Когда советские врачи вместе с Надиром и матерью вышли из шатра, из-за горизонта уже поднимался огненный диск солнца. Вместе с солнцем поднялся и стан кочевников. У костров копошились женщины в черных одеждах, готовили пищу, доили у шатров коз. Неподалеку развьюченные верблюды, мулы и ослы, лежа на земле, лениво пережевывали корм, между шатрами резвились щенята, надрывали горло петухи.

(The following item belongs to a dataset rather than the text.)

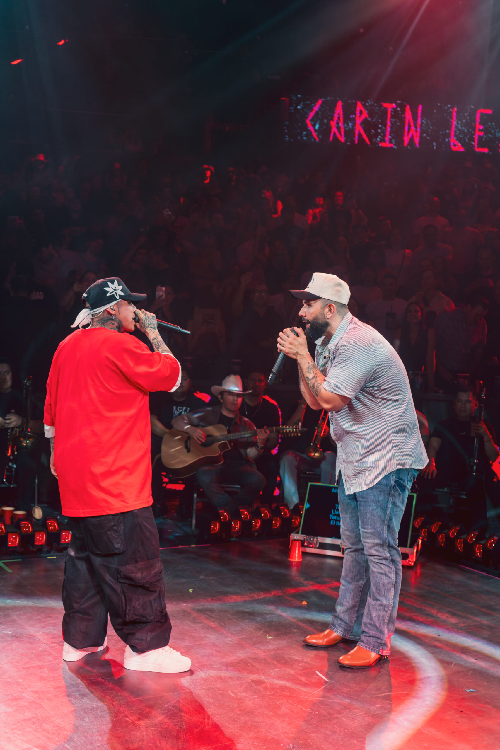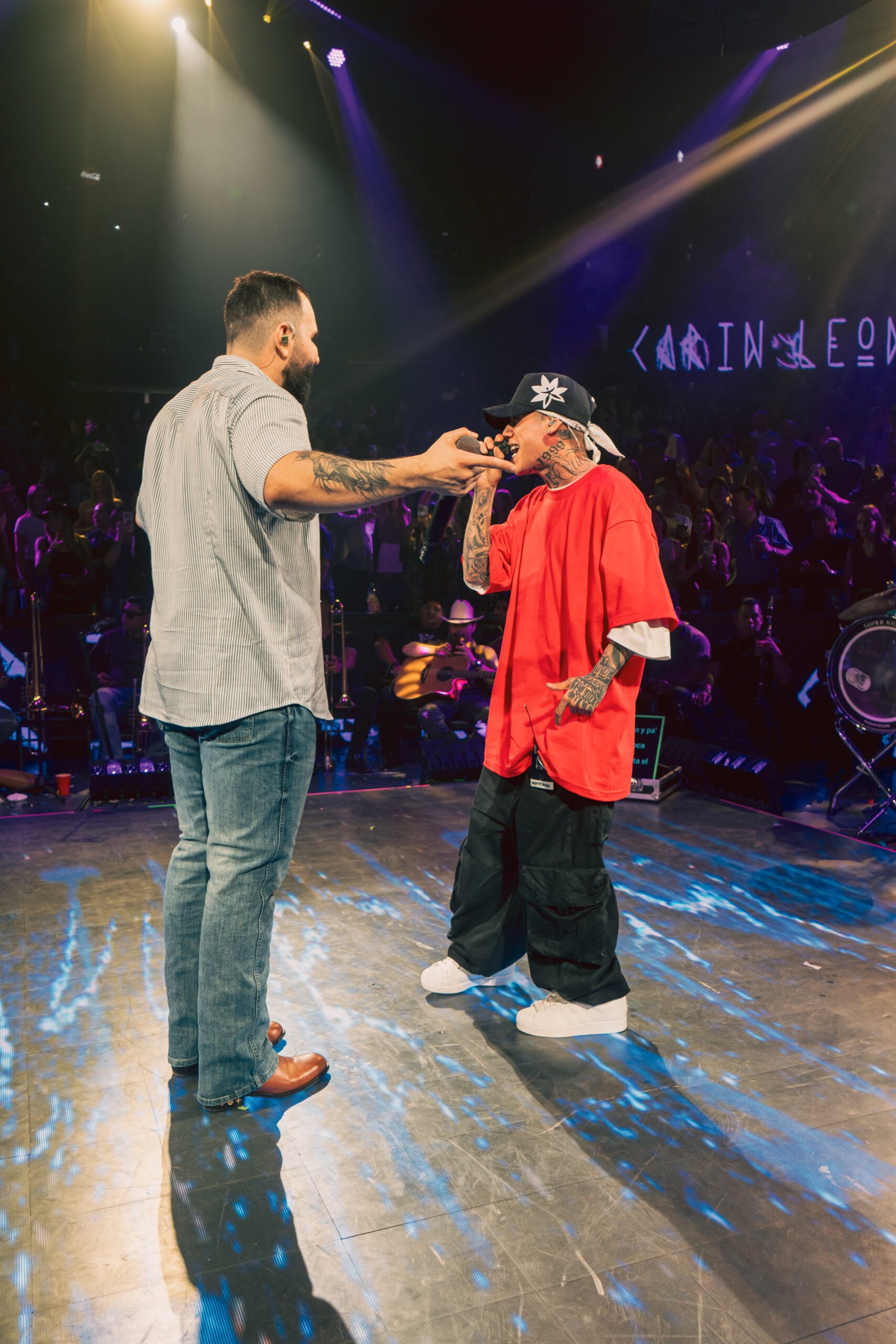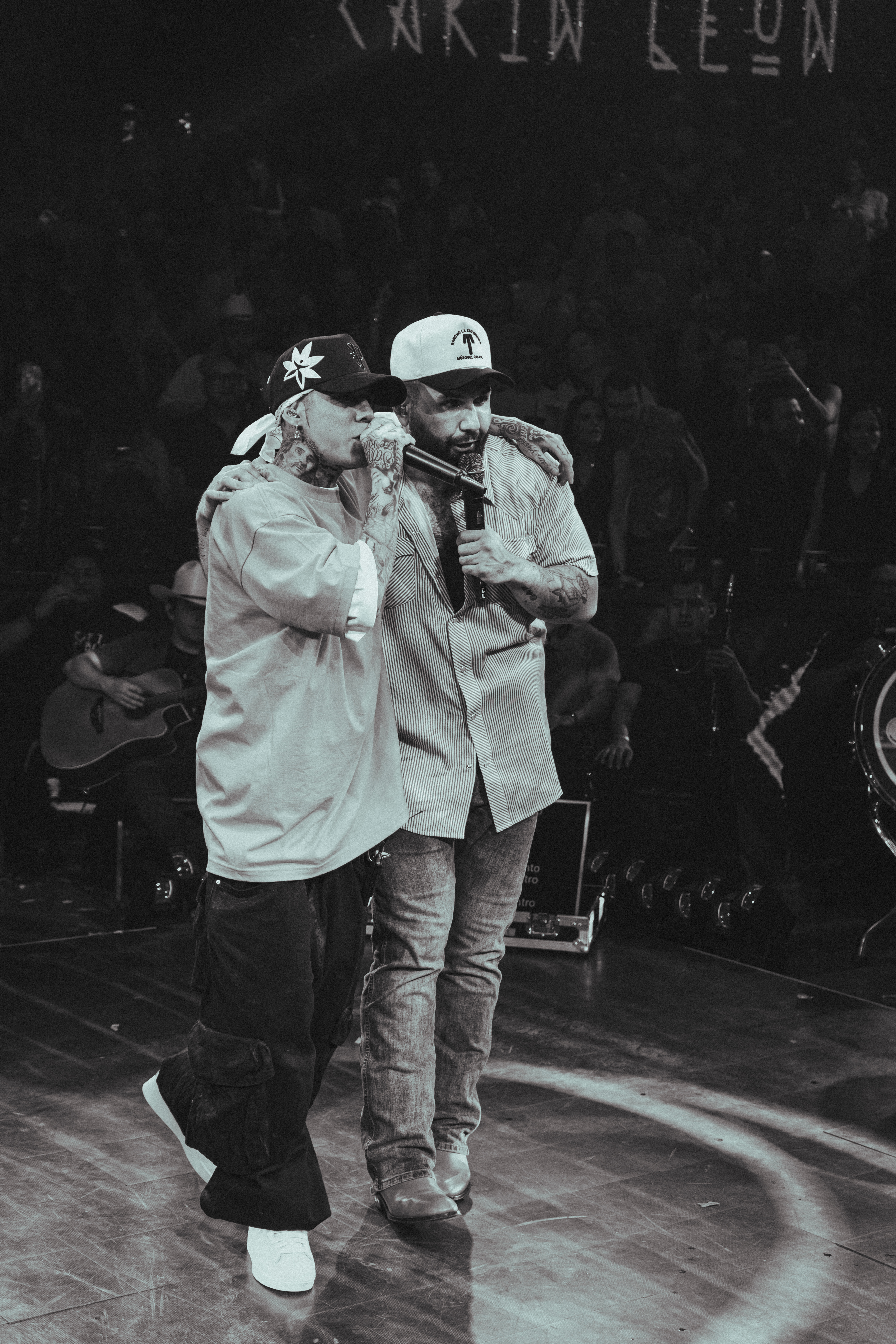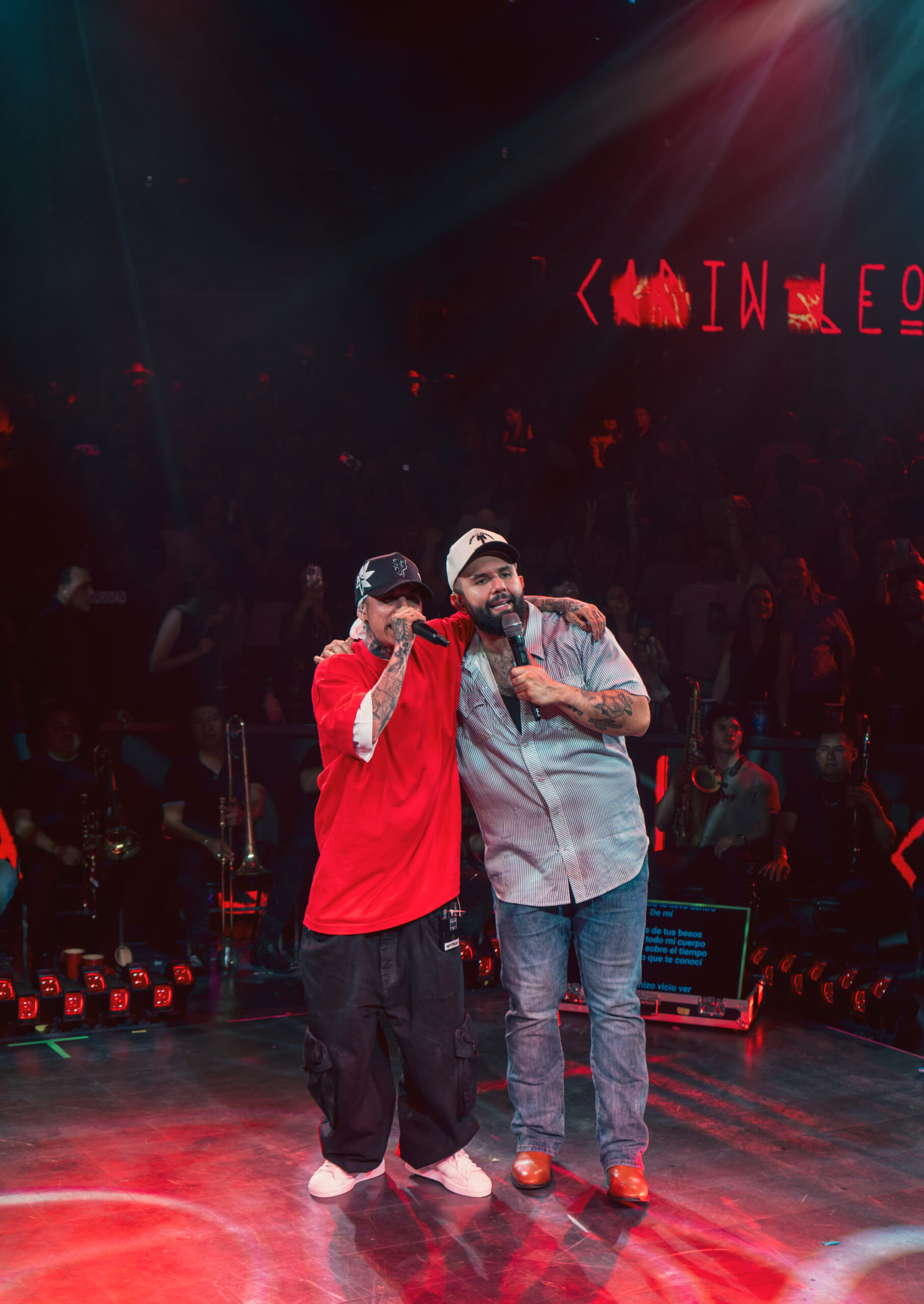 Sin previo aviso, el rapero guanajuatense subió al escenario para interpretar junto a Carin León dos temas que tocan el alma: “Los Caminos de la Vida” y “Tatuajes”, clásicos que resuenan profundo en la memoria colectiva de varias generaciones.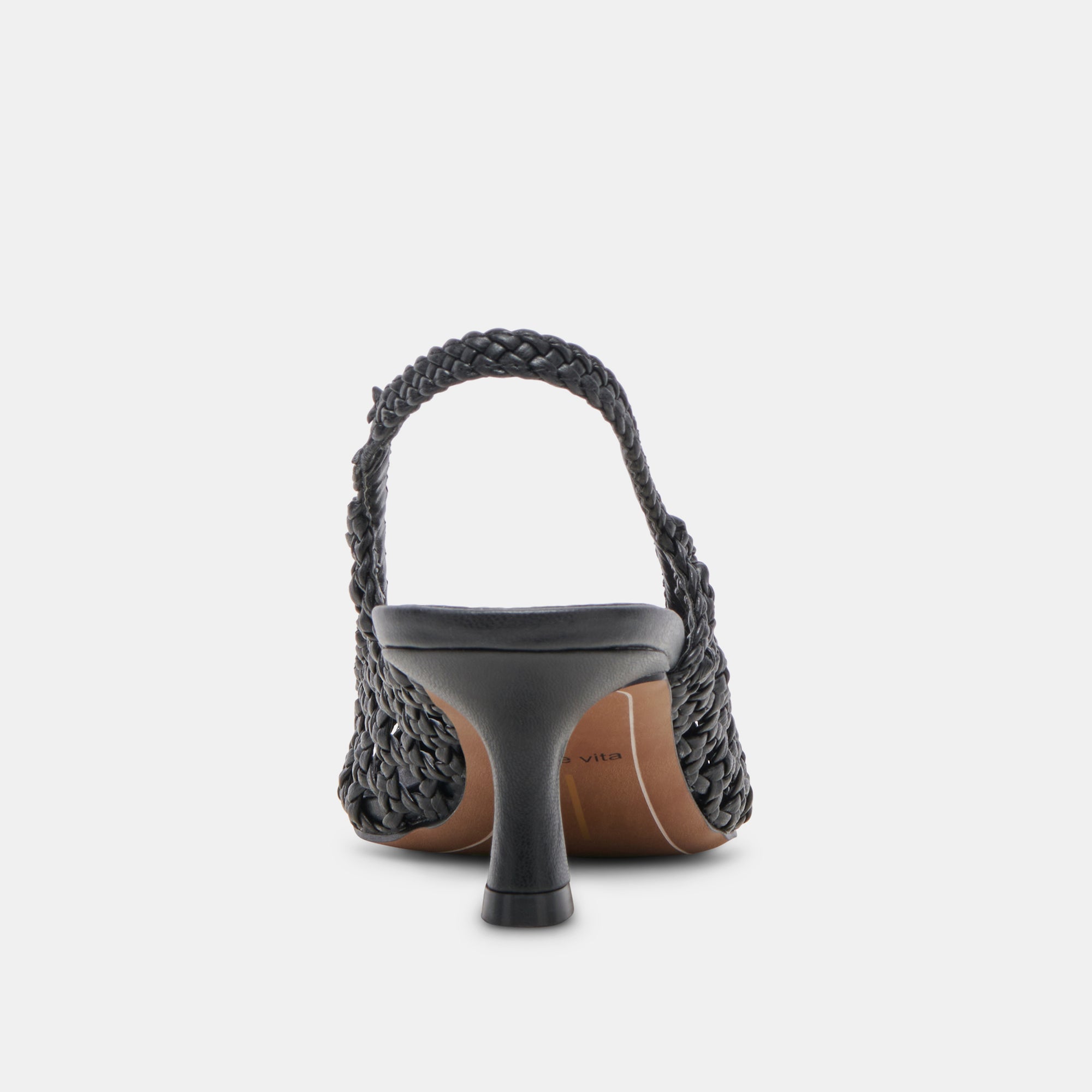OLYMPA has that timeless vintage look. This sling-back with a kitten heel features an all over braided design in white, black, or gold metallic.

Созерцая эту картину, Хашимова вздохнула и, как бы размышляя вслух, задумчиво произнесла:
— Наверное, так же красочно выглядели тысячи лет тому назад и станы кочевников в Туркестане. Так же вот и наши предки скитались в поисках лучшей доли…
Слух о лекарях облетел весь стан. От шатров потянулись больные. Одни шли с ребятами, болеющими корью, другие показывали своих чахнущих дочерей, третьи просили средства от бесплодия жен. Больше всего оказалось больных трахомой. Перед врачами стояли люди с выпавшими ресницами, распухшими, до крови воспаленными веками; их глаза слезились, и казалось, кочевники плачут кровавыми слезами.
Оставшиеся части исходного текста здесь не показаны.